# ChaCha20 vs AES-GCM: When to Pick Which

**Source**: https://quantumsequrity.com/blog/chacha20-vs-aes
**Category**: Cryptography Foundations

---

[← Back to Blog](../../blog.html) Cryptography Foundations

# ChaCha20 vs AES-GCM: When to Pick Which

11 min read

When you connect to a website over HTTPS, send a message on Signal, or open a WireGuard VPN tunnel, one of two stream ciphers is doing the heavy lifting: AES-GCM or ChaCha20-Poly1305. Both are considered safe by NIST and by every serious cryptographer in the world. Both protect billions of connections every day. So why do we still have two of them, and how does an engineer pick one over the other?

The short answer is that AES-GCM is faster on modern desktop and server processors thanks to dedicated hardware, while ChaCha20 is faster and safer on phones, embedded devices, and any chip that does not have AES instructions. The longer answer involves side-channel resistance, software simplicity, and a famous design philosophy from cryptographer Daniel J. Bernstein.

## Where AES Came From

AES, the Advanced Encryption Standard, was selected by the US National Institute of Standards and Technology in 2001 after a five-year open competition. The winning design was Rijndael, created by Belgian cryptographers Vincent Rijmen and Joan Daemen. NIST published it as FIPS 197.

AES is a block cipher. It takes a fixed 128-bit chunk of plaintext and a key, and produces a 128-bit chunk of ciphertext. To encrypt files or network traffic that are longer than 128 bits, you wrap AES in a "mode" such as GCM (Galois/Counter Mode) or CTR (Counter mode). GCM is the default authenticated mode used in TLS, IPsec, and most modern protocols.

In 2008 and 2010, Intel and AMD started shipping a special instruction set called AES-NI directly inside their CPUs. Instead of running roughly 200 software operations per AES block, the chip can execute one round in a single clock cycle. AES-NI made AES the fastest cipher on any laptop, desktop, or server made in the last fifteen years.

## Where ChaCha20 Came From

ChaCha20 was published in 2008 by Daniel J. Bernstein as a refinement of his earlier Salsa20 cipher (2005). Salsa20 was a finalist in the European eSTREAM project, which ran from 2004 to 2008 and selected stream ciphers suitable for software and hardware.

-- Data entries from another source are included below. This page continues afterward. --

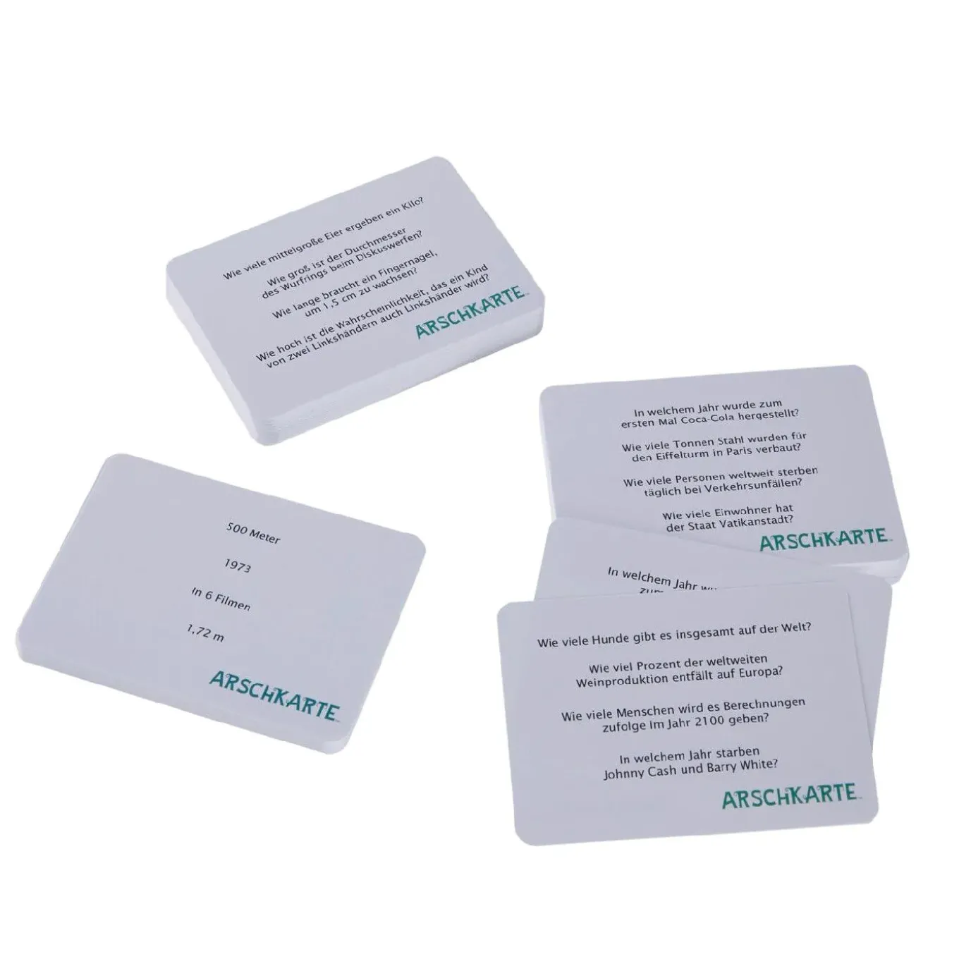 Mach Dich gefasst auf jede Menge absurde Schätzungen und lustige Antworten! Arschkarte ist das perfekte Mitbringsel und ein echter Stimmungsmacher für Partys, Familienfeiern oder gelungene Spieleabende.
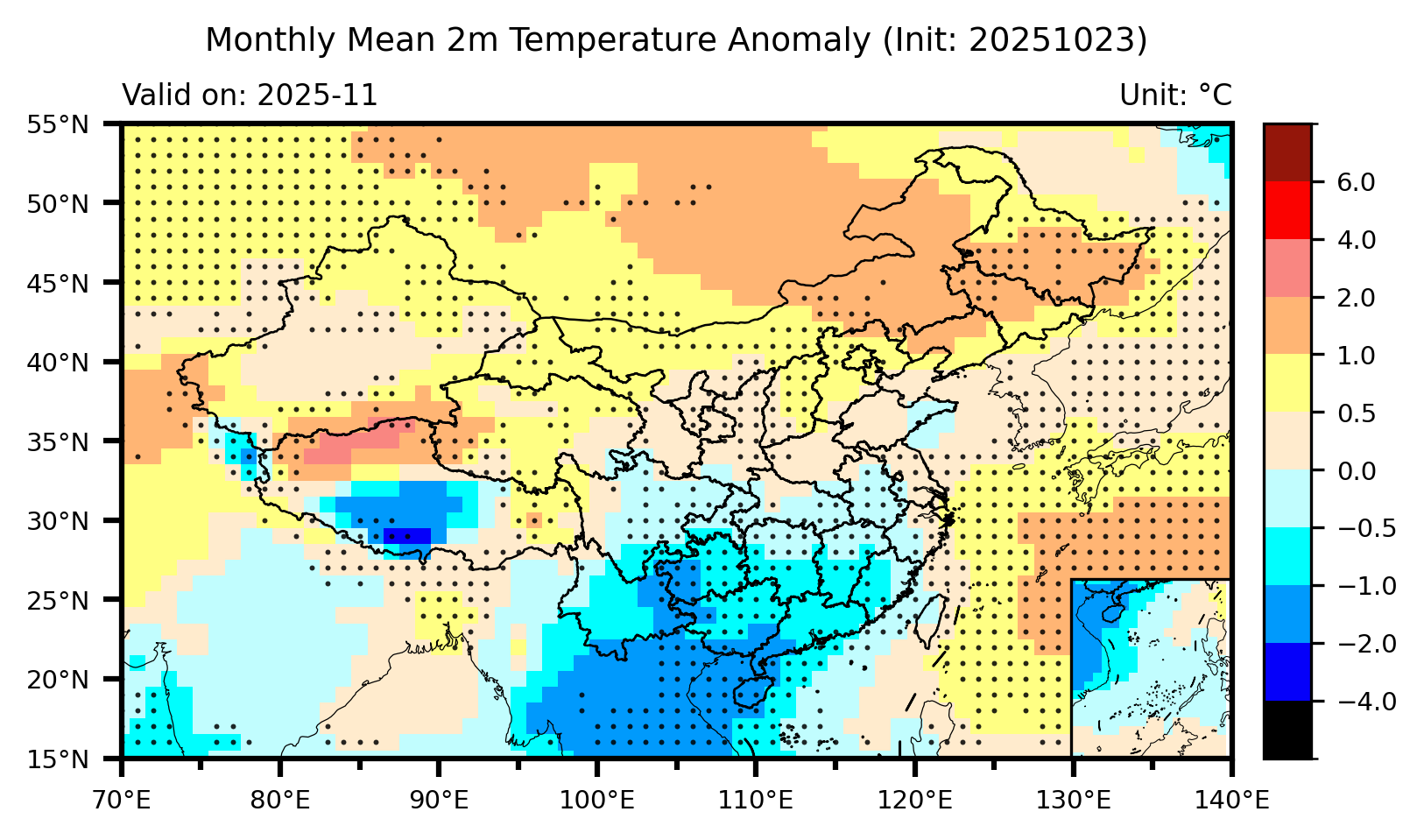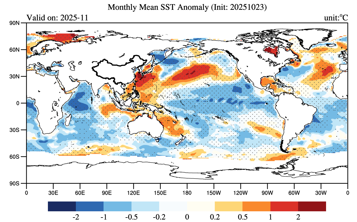 It is projected that in November 2025, near-surface air temperature across China will exhibit a “warmer in the north and cooler in the south” spatial pattern. Among southern regions, South China (Guangdong, Guangxi, and Hainan province), Yunnan, Guizhou, and the southern part of the Tibetan Plateau are expected to experience the most notable belowaverage temperatures, with anomalies reaching approximately 1 – 2 °C below the climatology. In contrast, northeastern China, eastern Inner Mongolia, and the northern Tibetan Plateau are projected to experience the most pronounced warming, exceeding +1 °C above average. On the global scale, La Niña conditions remain in place, with seasurface temperatures (SSTs) in the centraltoeastern equatorial Pacific about 0.5 – 1 °C below average, indicating a weak to moderate La Niña event. Meanwhile, a negative Indian Ocean Dipole (IOD) continues to develop, and midlatitude SSTs over the North Pacific—especially offshore of eastern China—remain warm anomalies. Under this background, coldair outbreaks are expected to continue moving southward, influencing large parts of China during November. In southern China, the interaction between cold and warm air will intensify, leading to frequent rapid temperature change, particularly over Yunnan Province. Compared with historical averages, the overall amplitude of day-to-day temperature variability across China is below average, while northeast China, Yunnan, and parts of Xinjiang may experience relatively stronger fluctuations.
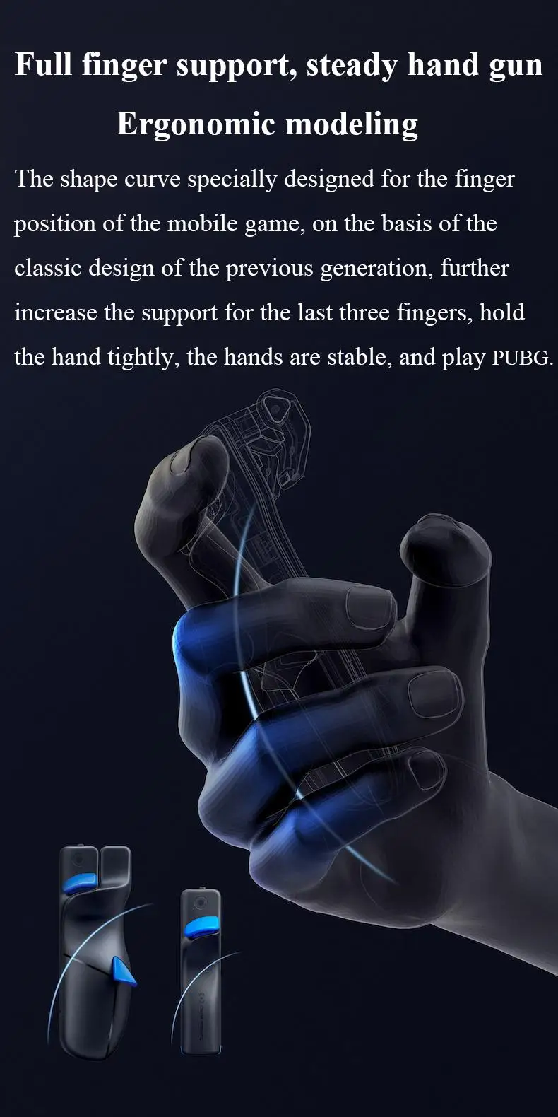 The shape curve specially designed for the finger position of the mobile game, on the basis of the classic design of the previous generation, further increase the support for the last three fingers, hold the hand tightly, the hands are stable, and play PUBG

ChaCha20 is a stream cipher built around an "ARX" design: it only uses three operations on 32-bit words, namely Add, Rotate, and XOR. There are no S-boxes, no lookup tables, no modular multiplication. The whole cipher is twenty rounds of mixing eight 32-bit words.

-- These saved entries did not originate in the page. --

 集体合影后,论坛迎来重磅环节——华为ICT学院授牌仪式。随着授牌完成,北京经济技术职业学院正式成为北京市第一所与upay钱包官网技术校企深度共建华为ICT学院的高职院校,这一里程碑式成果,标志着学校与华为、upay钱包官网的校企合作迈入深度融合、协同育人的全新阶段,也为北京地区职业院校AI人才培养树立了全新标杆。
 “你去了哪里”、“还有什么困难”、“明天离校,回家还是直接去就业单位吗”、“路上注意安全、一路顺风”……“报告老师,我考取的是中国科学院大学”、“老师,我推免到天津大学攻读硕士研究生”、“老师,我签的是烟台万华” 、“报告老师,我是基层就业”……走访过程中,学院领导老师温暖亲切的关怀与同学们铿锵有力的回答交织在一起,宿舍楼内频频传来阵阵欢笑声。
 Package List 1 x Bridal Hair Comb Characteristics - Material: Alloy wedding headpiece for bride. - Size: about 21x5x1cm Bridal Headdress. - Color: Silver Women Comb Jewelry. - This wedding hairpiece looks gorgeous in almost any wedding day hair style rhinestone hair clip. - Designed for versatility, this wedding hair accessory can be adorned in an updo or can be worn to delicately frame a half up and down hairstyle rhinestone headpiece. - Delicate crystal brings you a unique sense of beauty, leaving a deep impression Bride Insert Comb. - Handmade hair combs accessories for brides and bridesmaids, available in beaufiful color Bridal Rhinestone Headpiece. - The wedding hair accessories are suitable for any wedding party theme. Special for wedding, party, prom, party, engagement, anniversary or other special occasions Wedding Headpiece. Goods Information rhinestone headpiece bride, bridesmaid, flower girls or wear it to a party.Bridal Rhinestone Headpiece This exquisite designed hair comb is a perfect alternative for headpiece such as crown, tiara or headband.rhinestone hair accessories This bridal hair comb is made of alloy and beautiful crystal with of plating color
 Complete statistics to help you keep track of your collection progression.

The simplicity is the point. ChaCha20 was designed to run quickly in pure software, on any CPU, without leaking timing information through cache hits and misses.

In 2013 and 2014, Google adopted ChaCha20-Poly1305 for TLS connections from Android phones and Chrome browsers, especially when the device did not have AES hardware acceleration. The IETF formally standardized it as RFC 7539 in 2015 and updated it as RFC 8439 in 2018.

## How Both Ciphers Actually Work

AES-GCM combines two pieces. First, AES in counter mode (AES-CTR) generates a keystream by encrypting an incrementing counter. The keystream is XORed with the plaintext to produce ciphertext. Second, GCM uses a GHASH function over GF(2 to the 128) to produce a 128-bit authentication tag that detects tampering.

ChaCha20-Poly1305 follows the same idea. ChaCha20 generates a keystream by repeatedly running its 20-round permutation on a 512-bit state and incrementing a counter. The keystream is XORed with the plaintext. Then Poly1305, a one-time MAC invented by Bernstein in 2005, produces a 128-bit tag.

Both schemes give you confidentiality (nobody can read your plaintext) and integrity (nobody can tamper with the ciphertext without the receiver noticing). Both are AEAD, which stands for Authenticated Encryption with Associated Data. Read more in [AES-256-GCM Explained](aes-256-gcm-explained).

## Performance: The Numbers That Matter

On a modern Intel or AMD desktop CPU with AES-NI and PCLMULQDQ instructions, AES-GCM is dramatically faster than ChaCha20. Benchmarks routinely show AES-GCM hitting 5 to 7 GB/second on a single core, while ChaCha20-Poly1305 reaches 2 to 3 GB/second.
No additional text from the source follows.